So we should have \(C = 1+nm-r(n+m)\) constraints on a given submatrix, meaning that we can solve for up to \(C\) entries in each submatrix as long as each of the remaining entries are defined. So what are the constraints that enable this solution? Let's consider the characteristic polynomial of an example NxN square submatrix \(A\) with eigenvalues \(\lambda_i\):

\[ p_A(\lambda) = det(\lambda I-A) = (\lambda-\lambda_1)(\lambda-\lambda_2)... = \prod_i (\lambda-\lambda_i) \]

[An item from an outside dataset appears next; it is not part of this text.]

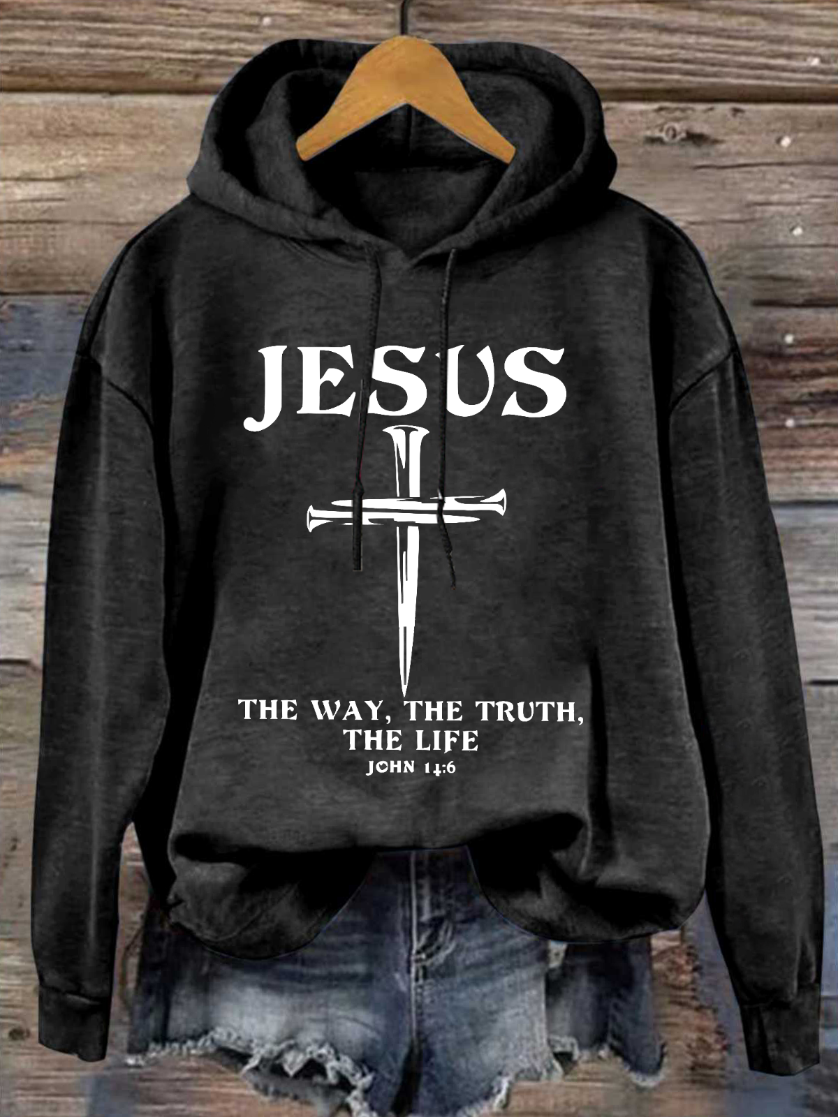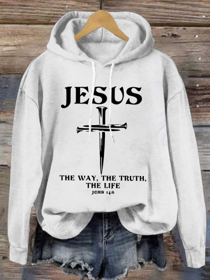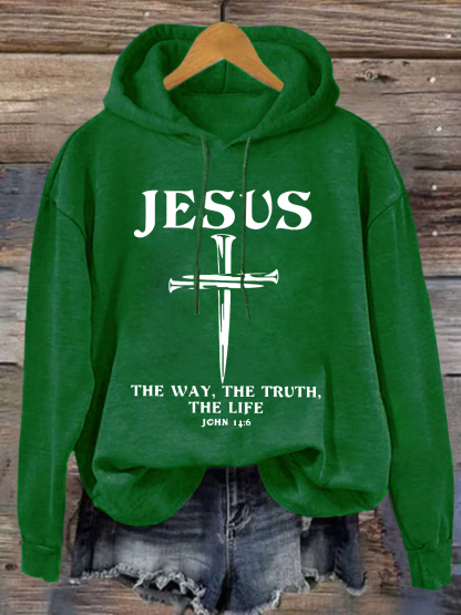 Jesus - The Way, The Truth, The Life Casual Loose Cotton-Blend Hoodie

A matrix with less than full rank would have at least one eigenvalue equal to zero. As a result we know that this polynomial has at least one zero at \(\lambda = 0\). Furthermore, a given submatrix can have up to \(N-r\) zeros at \(\lambda=0\), thus enabling as many entries to be solved for. If we know how many zeros there are we can write constraints on each derivative of the characteristic polynomial up to the \((C-1)\)th. Fortunately there is a relatively simple equation for the derivative of the characteristic polynomial:

\[ \left. \frac{\partial}{\partial \lambda} det(\lambda I-A) \right|_{\lambda=0} = \sum_i det(-B_i)=0\]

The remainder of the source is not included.